Data items:
-*-
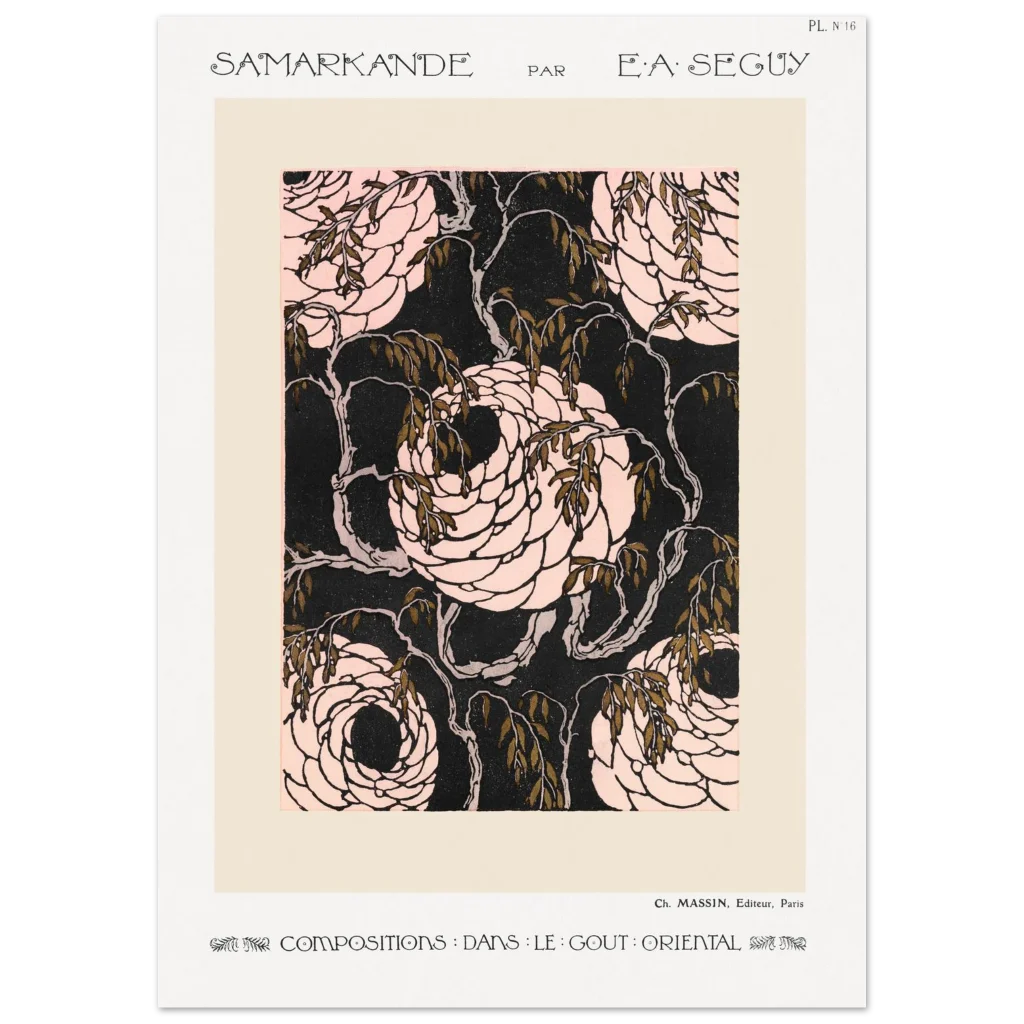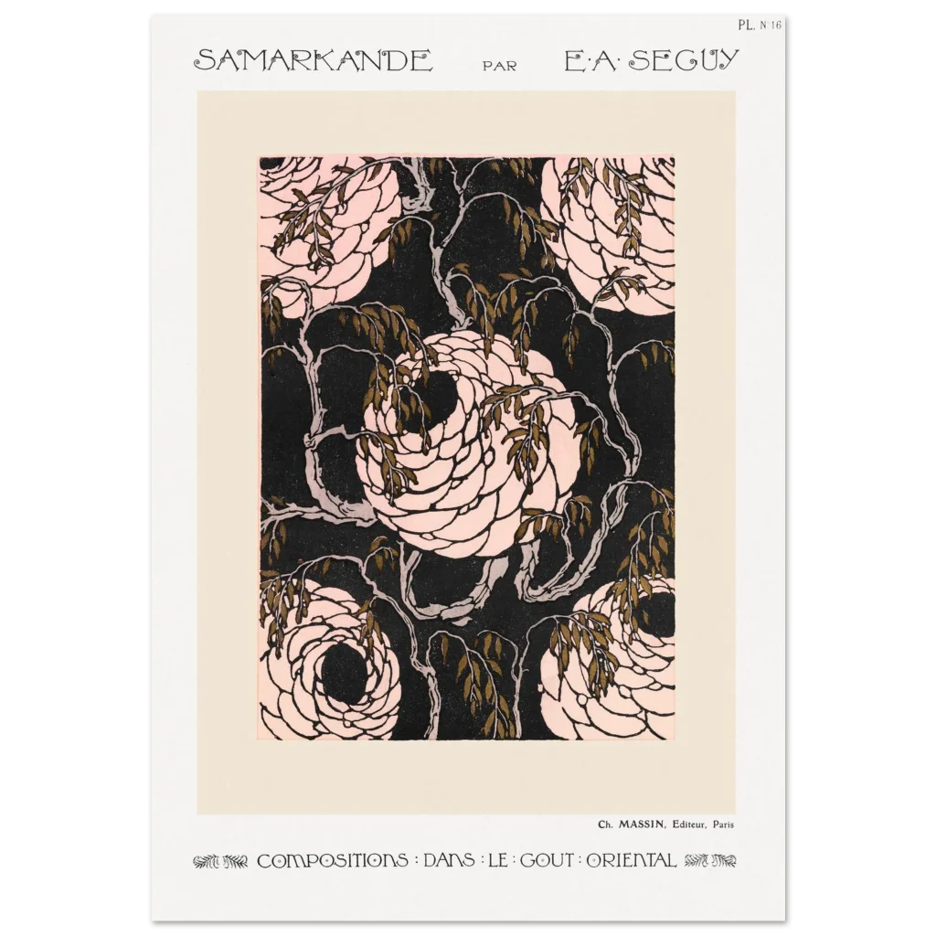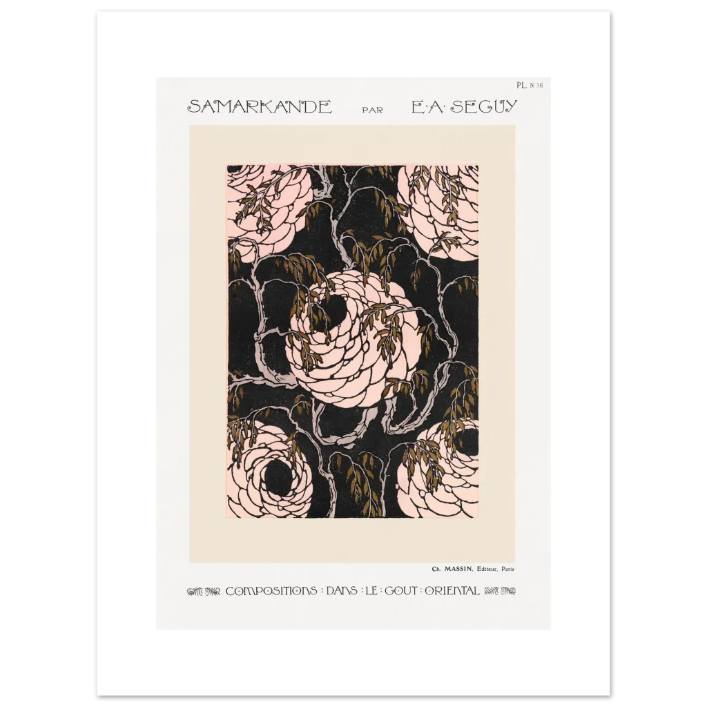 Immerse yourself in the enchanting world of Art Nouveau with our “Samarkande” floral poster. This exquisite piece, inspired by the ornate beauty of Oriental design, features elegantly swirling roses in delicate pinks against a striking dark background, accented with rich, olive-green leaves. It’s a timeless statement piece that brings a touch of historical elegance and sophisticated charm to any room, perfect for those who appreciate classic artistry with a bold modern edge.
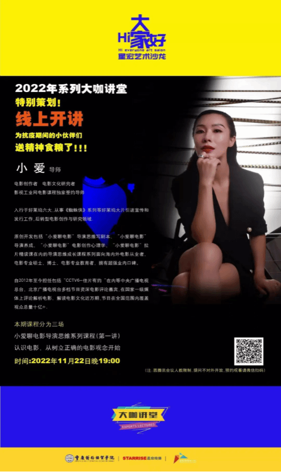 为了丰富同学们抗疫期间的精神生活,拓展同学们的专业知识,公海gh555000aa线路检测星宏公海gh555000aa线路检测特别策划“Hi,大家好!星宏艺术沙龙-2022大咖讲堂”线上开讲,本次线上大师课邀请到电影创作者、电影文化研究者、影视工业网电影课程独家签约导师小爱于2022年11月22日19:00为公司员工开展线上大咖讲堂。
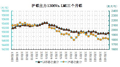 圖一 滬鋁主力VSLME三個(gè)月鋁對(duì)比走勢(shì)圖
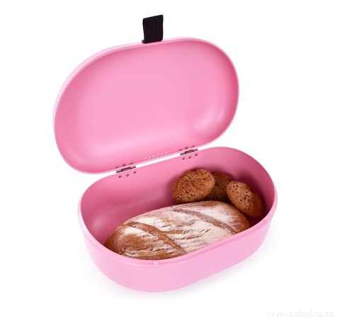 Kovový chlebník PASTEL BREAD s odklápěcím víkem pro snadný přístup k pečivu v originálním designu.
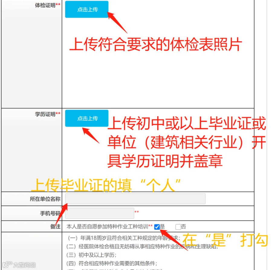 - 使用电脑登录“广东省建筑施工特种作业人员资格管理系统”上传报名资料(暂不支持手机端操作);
-*-
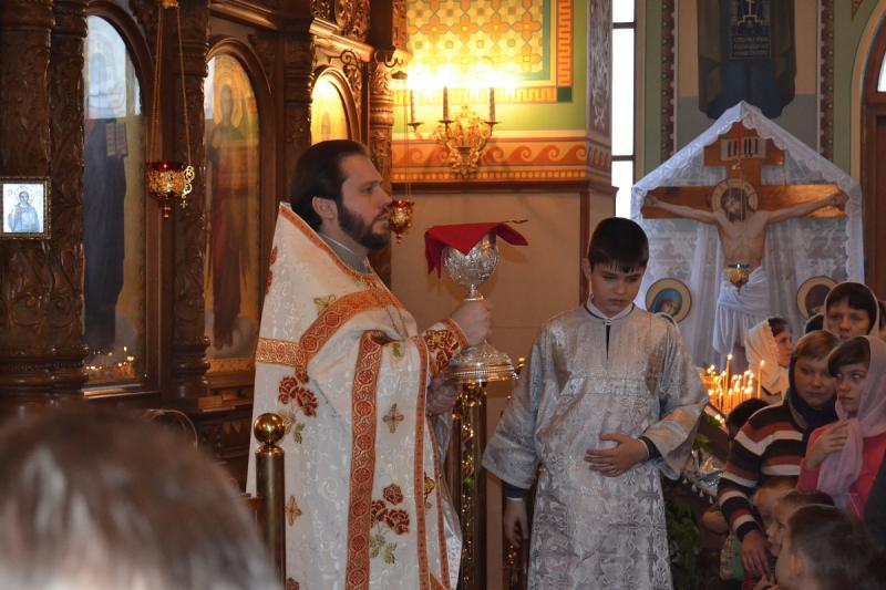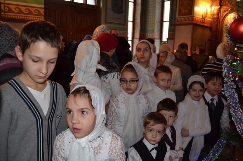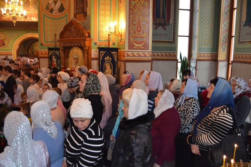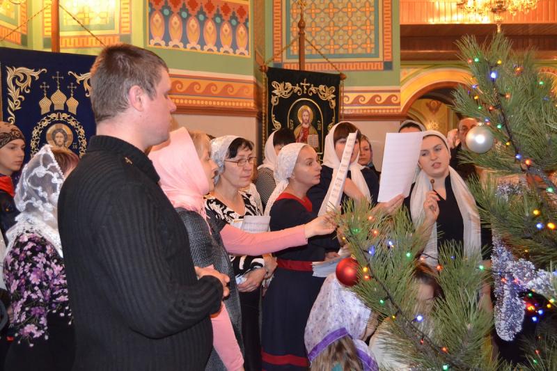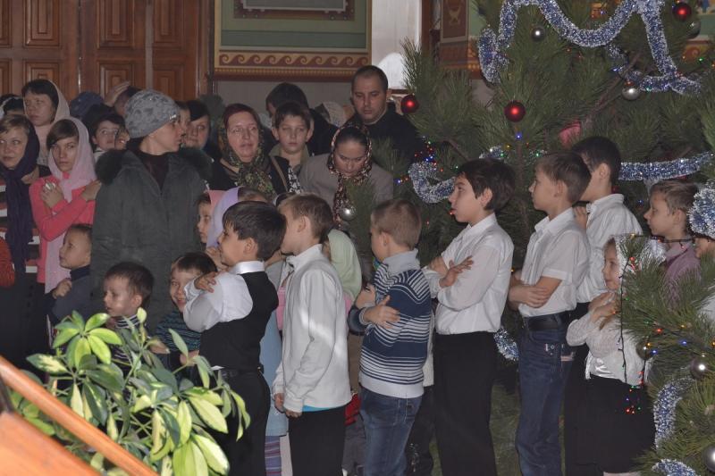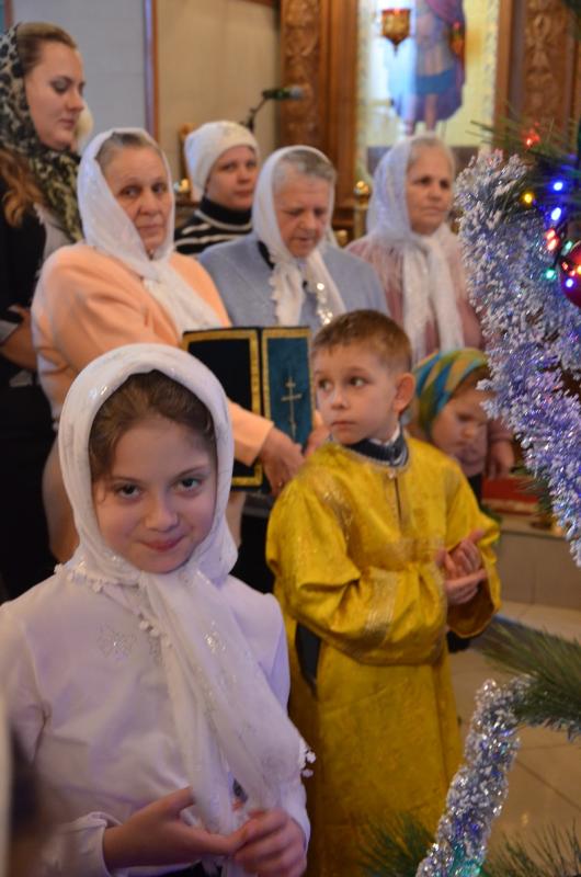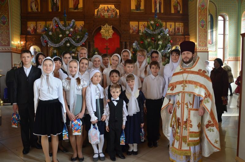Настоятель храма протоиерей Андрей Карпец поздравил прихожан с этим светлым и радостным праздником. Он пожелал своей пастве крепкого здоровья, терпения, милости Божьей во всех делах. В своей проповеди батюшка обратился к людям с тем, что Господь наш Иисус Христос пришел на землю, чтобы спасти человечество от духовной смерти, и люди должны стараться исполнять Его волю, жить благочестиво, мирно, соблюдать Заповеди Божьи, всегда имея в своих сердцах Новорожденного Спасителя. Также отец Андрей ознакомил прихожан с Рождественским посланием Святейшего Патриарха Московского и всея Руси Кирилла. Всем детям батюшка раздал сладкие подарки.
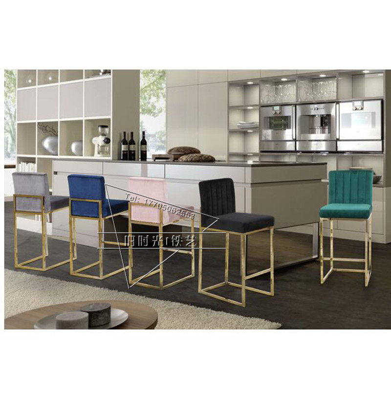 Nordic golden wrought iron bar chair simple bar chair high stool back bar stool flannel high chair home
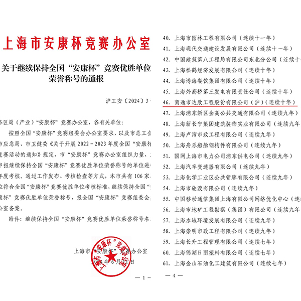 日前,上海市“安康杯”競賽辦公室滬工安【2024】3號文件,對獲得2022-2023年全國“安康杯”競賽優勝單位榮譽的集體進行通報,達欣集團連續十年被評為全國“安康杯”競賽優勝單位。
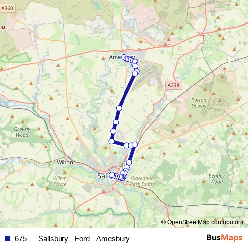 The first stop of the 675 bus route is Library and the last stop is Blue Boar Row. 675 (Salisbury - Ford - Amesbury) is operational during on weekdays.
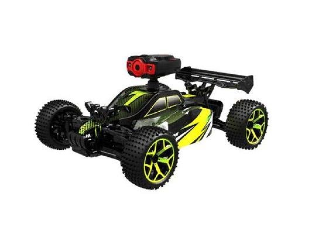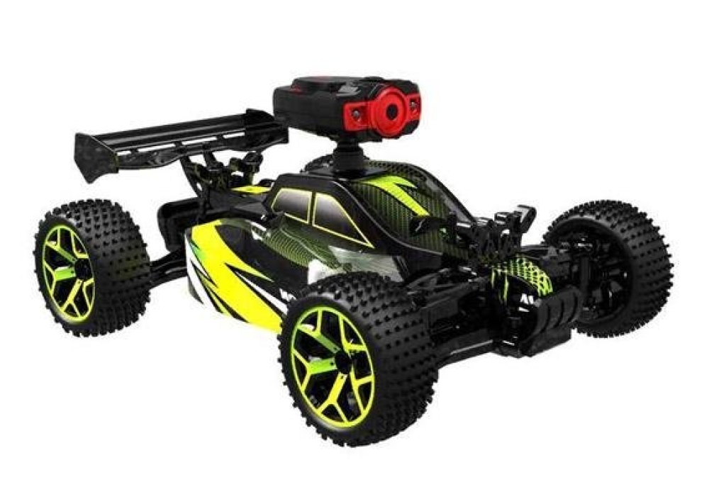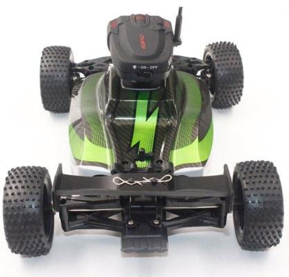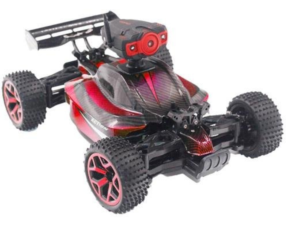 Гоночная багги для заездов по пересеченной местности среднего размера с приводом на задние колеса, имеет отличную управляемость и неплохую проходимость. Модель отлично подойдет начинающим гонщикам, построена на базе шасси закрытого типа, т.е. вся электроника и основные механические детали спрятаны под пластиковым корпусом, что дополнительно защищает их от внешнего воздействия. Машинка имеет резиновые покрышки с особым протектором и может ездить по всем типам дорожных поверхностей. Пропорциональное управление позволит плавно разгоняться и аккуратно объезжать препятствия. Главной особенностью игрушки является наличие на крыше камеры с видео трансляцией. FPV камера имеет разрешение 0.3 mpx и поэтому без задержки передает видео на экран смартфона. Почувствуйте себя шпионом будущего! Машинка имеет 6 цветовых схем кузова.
-*-
WORK TASK: Using the entries above, transcribe every line from the line containing "The first stop" through the line containing "Гоночная багги для". Do not copy pictures.

THE ANSWER:
 The first stop of the 675 bus route is Library and the last stop is Blue Boar Row. 675 (Salisbury - Ford - Amesbury) is operational during on weekdays.
 Гоночная багги для заездов по пересеченной местности среднего размера с приводом на задние колеса, имеет отличную управляемость и неплохую проходимость. Модель отлично подойдет начинающим гонщикам, построена на базе шасси закрытого типа, т.е. вся электроника и основные механические детали спрятаны под пластиковым корпусом, что дополнительно защищает их от внешнего воздействия. Машинка имеет резиновые покрышки с особым протектором и может ездить по всем типам дорожных поверхностей. Пропорциональное управление позволит плавно разгоняться и аккуратно объезжать препятствия. Главной особенностью игрушки является наличие на крыше камеры с видео трансляцией. FPV камера имеет разрешение 0.3 mpx и поэтому без задержки передает видео на экран смартфона. Почувствуйте себя шпионом будущего! Машинка имеет 6 цветовых схем кузова.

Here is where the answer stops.